Over the past decade, the progress in the field of curiosity-driven learning generates a lot of hope, especially with regard to a major challenge, namely the inter-individual variability of developmental trajectories of learning, which is particularly critical during childhood and aging or in conditions of cognitive disorders. With the societal purpose of tackling of social inegalities, FLOWERS deals to move forward this new research avenue by exploring the changes of states of curiosity across lifespan and across neurodevelopemental conditions (neurotypical vs. learning disabilities) while designing new educational or rehabilitative technologies for curiosity-driven learning. The information gaps or learning progress, and their awareness are the core mechanisms of this part of research program due to high value as brain fuel by which the individual's internal intrinsic state of motivation is maintained and leads him/her to pursue his/her cognitive efforts for acquisitions /rehabilitations. Accordingly, a main challenge is to understand these mechanisms in order to draw up supports for the curiosity-driven learning, and then to embed them into (re)educational technologies. To this end, two-ways of investigations are carried out in real-life setting (school, home, work place etc): 1) the design of curiosity-driven interactive systems for learning and their effectiveness study ; and 2) the automated personnalization of learning programs through new algorithms maximizing learning progress in ITS.
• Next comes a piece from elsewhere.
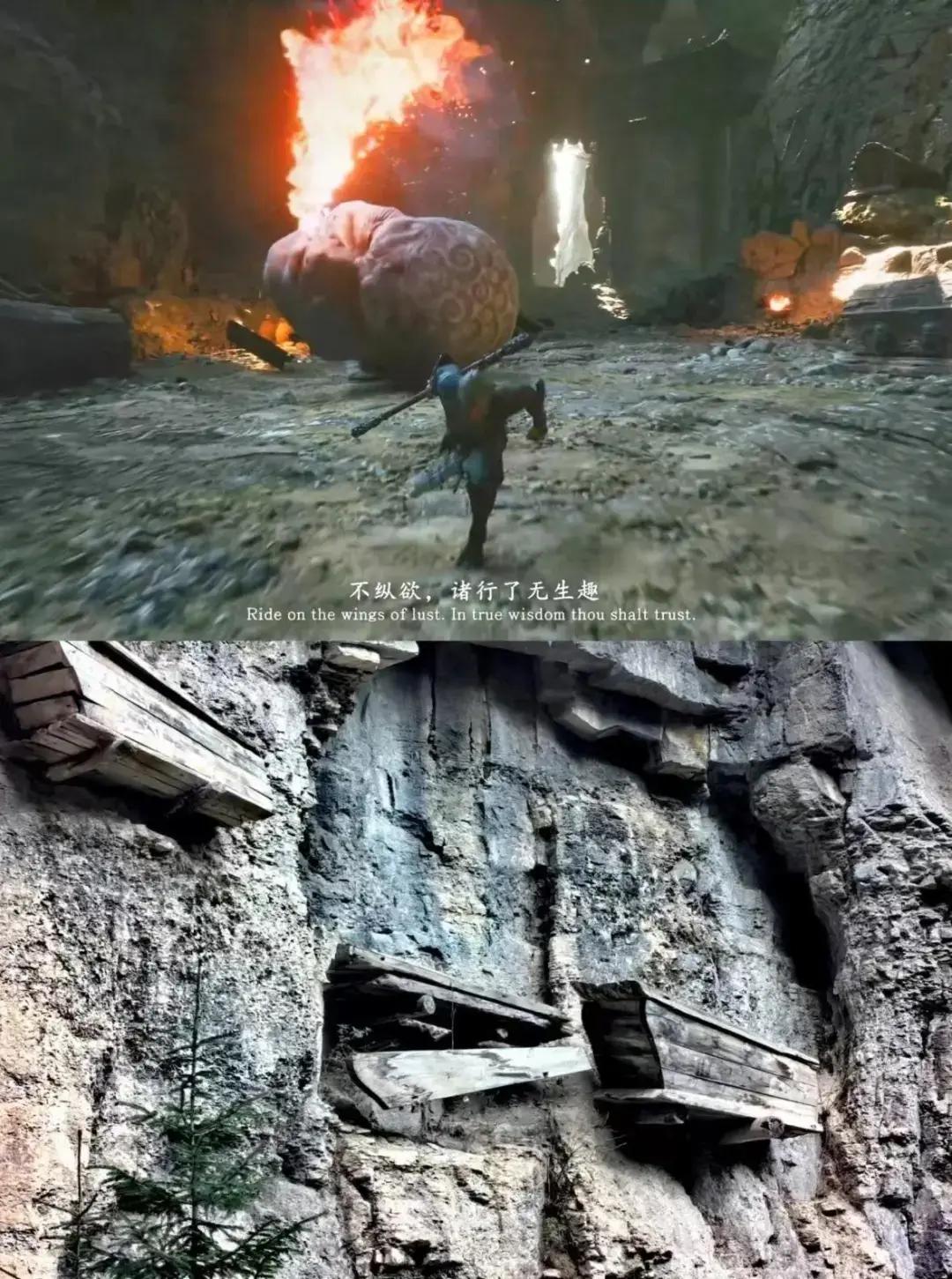 上爲遊戲場景,下爲寧武石門懸棺。

Neuroscience, Developmental Psychology and Cognitive Sciences The computational modelling of life-long learning and development mechanisms achieved in the team centrally targets to contribute to our understanding of the processes of sensorimotor, cognitive and social development in humans. In particular, it provides a methodological basis to analyze the dynamics of the interaction across learning and inference processes, embodiment and the social environment, allowing to formalize precise hypotheses and later on test them in experimental paradigms with animals and humans. A paradigmatic example of this activity is the Neurocuriosity project achieved in collaboration with the cognitive neuroscience lab of Jacqueline Gottlieb, where theoretical models of the mechanisms of information seeking, active learning and spontaneous exploration have been developed in coordination with experimental evidence and investigation, see https://flowers.inria.fr/neurocuriosityproject/. Another example is the study of the role of curiosity in learning in the elderly, with a view to assessing its positive value against the cognitive aging as a protective ingredient (i.e, Industrial project with Onepoint and joint project with M. Fernendes from the Cognitive neursocience Lab of the University of Waterloo).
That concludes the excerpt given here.